Data for analysis:
++++

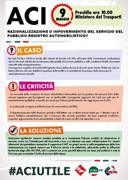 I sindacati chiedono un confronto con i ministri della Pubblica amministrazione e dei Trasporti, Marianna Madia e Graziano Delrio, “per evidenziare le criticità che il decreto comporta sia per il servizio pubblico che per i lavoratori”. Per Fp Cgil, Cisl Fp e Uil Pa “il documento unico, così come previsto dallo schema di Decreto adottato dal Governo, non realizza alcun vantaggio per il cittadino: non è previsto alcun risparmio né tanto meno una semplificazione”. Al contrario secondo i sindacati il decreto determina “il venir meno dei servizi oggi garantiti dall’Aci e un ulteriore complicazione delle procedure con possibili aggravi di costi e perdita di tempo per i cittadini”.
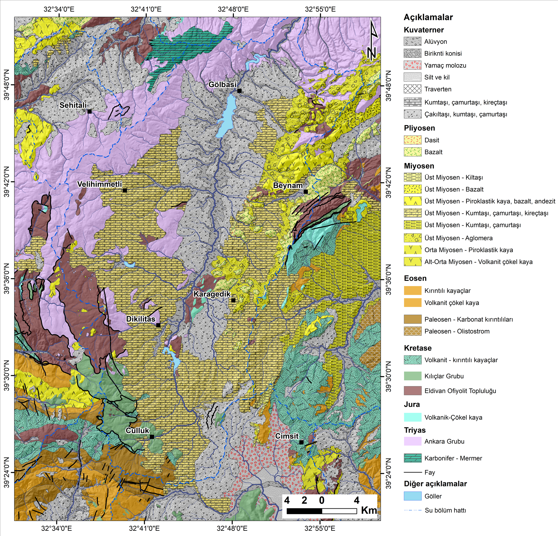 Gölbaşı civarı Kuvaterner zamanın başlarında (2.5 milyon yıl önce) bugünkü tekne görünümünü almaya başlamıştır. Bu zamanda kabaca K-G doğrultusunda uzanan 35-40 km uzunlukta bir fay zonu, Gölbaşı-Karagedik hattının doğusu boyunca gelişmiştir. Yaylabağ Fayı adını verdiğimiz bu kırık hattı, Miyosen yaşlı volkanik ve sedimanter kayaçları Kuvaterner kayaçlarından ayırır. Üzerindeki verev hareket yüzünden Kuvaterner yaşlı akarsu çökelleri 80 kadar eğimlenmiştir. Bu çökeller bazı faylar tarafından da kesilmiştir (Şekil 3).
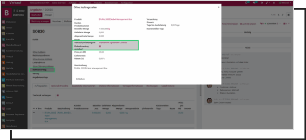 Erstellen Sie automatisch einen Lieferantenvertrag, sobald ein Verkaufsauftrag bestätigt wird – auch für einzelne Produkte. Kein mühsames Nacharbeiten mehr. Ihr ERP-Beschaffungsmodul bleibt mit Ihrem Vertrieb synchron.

++++

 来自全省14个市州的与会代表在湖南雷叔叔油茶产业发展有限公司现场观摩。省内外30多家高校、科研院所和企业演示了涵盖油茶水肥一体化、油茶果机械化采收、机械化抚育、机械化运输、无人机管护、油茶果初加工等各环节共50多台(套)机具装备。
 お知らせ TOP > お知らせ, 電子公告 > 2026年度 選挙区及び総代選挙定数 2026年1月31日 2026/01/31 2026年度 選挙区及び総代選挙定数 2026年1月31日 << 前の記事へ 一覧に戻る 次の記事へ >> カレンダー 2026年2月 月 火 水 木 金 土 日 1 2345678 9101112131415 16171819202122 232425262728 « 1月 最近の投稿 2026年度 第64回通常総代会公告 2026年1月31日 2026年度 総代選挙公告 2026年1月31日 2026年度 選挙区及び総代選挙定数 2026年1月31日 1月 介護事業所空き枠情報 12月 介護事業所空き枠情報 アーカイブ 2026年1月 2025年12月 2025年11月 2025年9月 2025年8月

++++

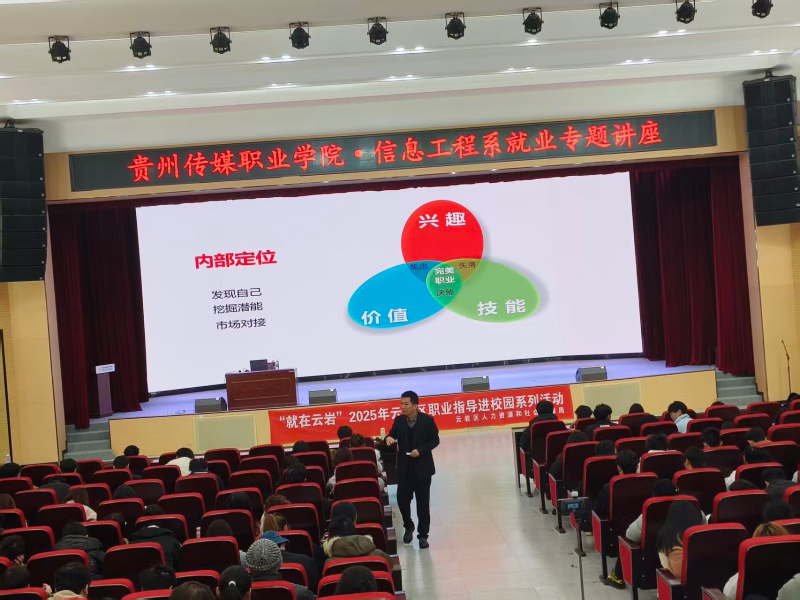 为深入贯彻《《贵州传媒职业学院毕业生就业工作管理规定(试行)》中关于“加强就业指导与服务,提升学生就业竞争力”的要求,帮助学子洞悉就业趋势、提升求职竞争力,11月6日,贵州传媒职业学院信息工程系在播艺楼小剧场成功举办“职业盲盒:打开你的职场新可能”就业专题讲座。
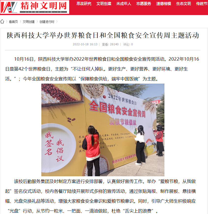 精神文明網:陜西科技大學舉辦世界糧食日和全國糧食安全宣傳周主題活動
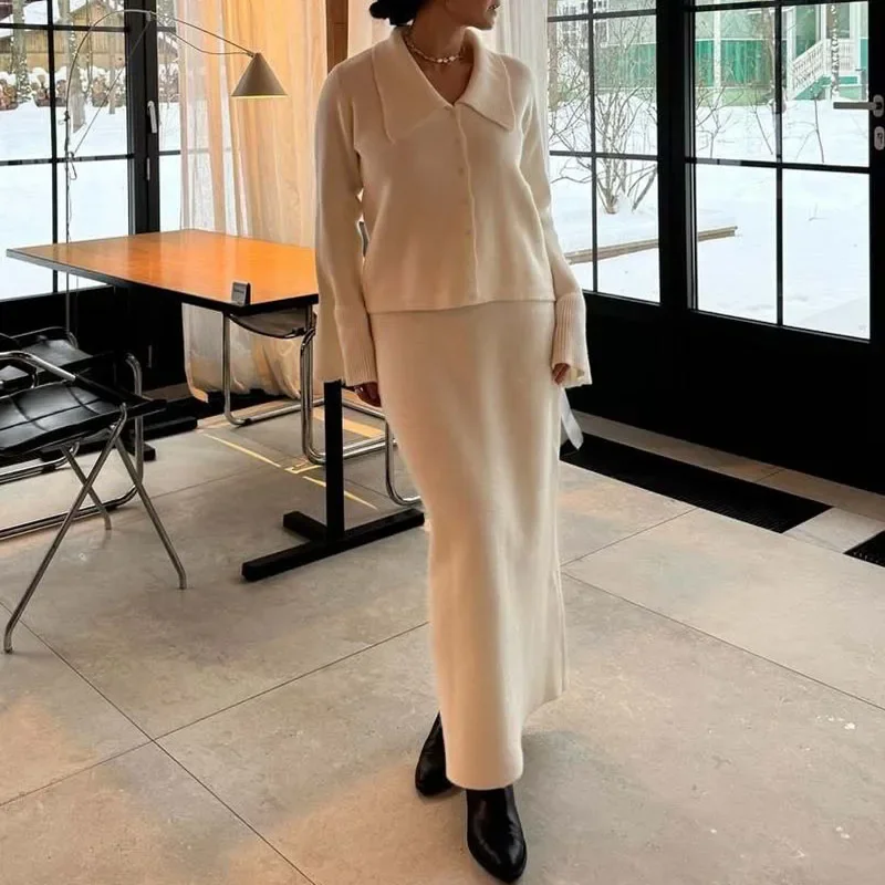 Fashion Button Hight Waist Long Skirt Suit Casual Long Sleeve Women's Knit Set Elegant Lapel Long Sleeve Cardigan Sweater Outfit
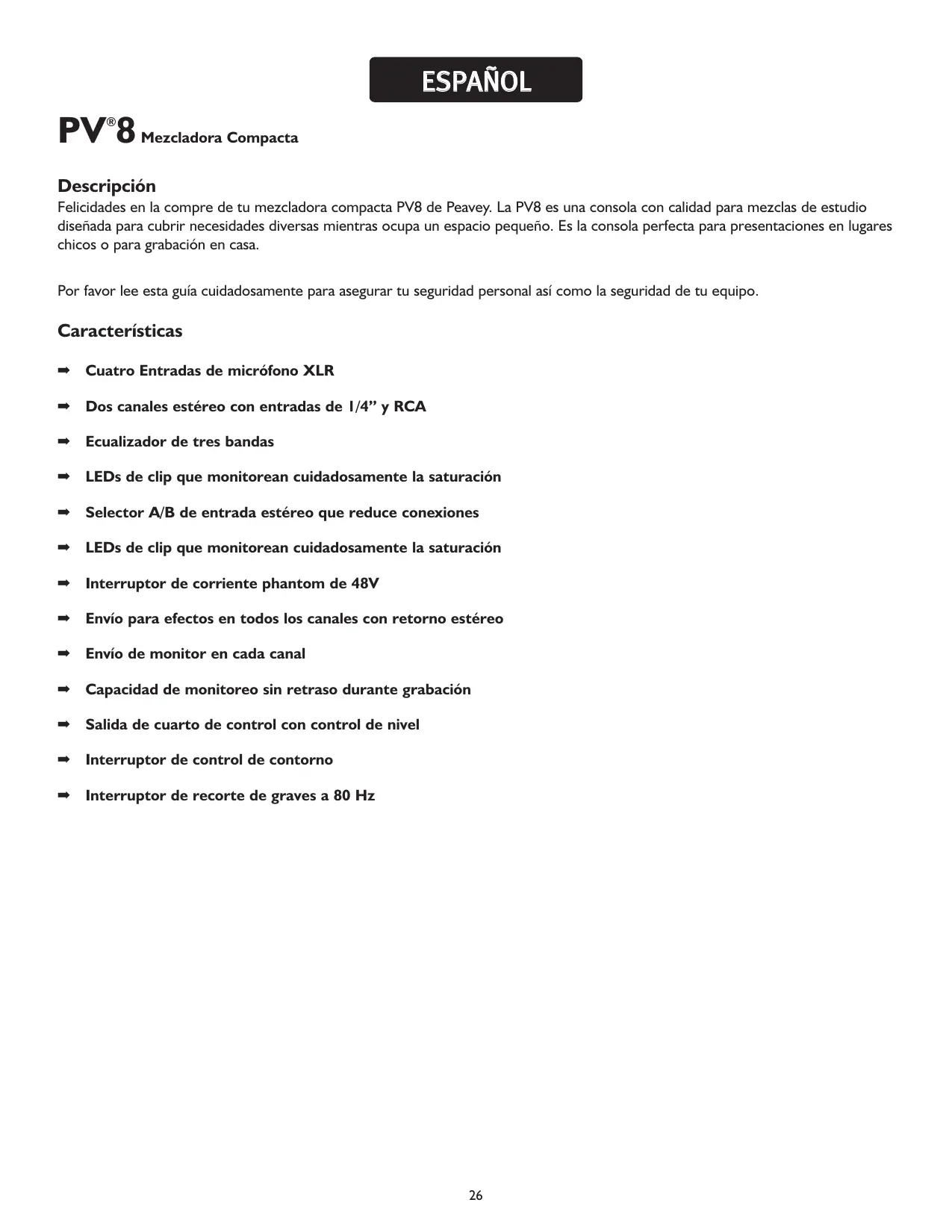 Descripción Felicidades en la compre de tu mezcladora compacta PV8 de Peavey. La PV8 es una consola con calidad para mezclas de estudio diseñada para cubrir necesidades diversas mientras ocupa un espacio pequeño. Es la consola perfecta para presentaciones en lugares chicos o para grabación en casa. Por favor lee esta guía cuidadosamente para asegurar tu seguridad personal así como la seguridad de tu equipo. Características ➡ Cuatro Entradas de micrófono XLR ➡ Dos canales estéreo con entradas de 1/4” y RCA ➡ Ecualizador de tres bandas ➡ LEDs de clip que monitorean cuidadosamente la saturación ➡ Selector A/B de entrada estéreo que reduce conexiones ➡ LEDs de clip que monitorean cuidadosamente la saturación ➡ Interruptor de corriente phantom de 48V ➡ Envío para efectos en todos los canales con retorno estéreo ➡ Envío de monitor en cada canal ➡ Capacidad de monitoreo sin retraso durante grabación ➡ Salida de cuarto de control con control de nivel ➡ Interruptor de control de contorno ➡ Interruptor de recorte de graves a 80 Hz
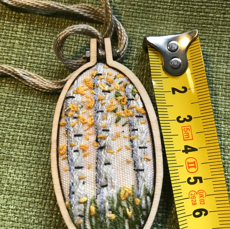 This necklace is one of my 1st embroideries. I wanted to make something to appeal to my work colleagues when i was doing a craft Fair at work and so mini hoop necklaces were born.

++++

Required work:
Look above for the line holding "I sindacati chiedono" and output everything from it down to the line holding "Erstellen Sie automatisch", both ends included, exactly and without images.

Solution to this problem:
 I sindacati chiedono un confronto con i ministri della Pubblica amministrazione e dei Trasporti, Marianna Madia e Graziano Delrio, “per evidenziare le criticità che il decreto comporta sia per il servizio pubblico che per i lavoratori”. Per Fp Cgil, Cisl Fp e Uil Pa “il documento unico, così come previsto dallo schema di Decreto adottato dal Governo, non realizza alcun vantaggio per il cittadino: non è previsto alcun risparmio né tanto meno una semplificazione”. Al contrario secondo i sindacati il decreto determina “il venir meno dei servizi oggi garantiti dall’Aci e un ulteriore complicazione delle procedure con possibili aggravi di costi e perdita di tempo per i cittadini”.
 Gölbaşı civarı Kuvaterner zamanın başlarında (2.5 milyon yıl önce) bugünkü tekne görünümünü almaya başlamıştır. Bu zamanda kabaca K-G doğrultusunda uzanan 35-40 km uzunlukta bir fay zonu, Gölbaşı-Karagedik hattının doğusu boyunca gelişmiştir. Yaylabağ Fayı adını verdiğimiz bu kırık hattı, Miyosen yaşlı volkanik ve sedimanter kayaçları Kuvaterner kayaçlarından ayırır. Üzerindeki verev hareket yüzünden Kuvaterner yaşlı akarsu çökelleri 80 kadar eğimlenmiştir. Bu çökeller bazı faylar tarafından da kesilmiştir (Şekil 3).
 Erstellen Sie automatisch einen Lieferantenvertrag, sobald ein Verkaufsauftrag bestätigt wird – auch für einzelne Produkte. Kein mühsames Nacharbeiten mehr. Ihr ERP-Beschaffungsmodul bleibt mit Ihrem Vertrieb synchron.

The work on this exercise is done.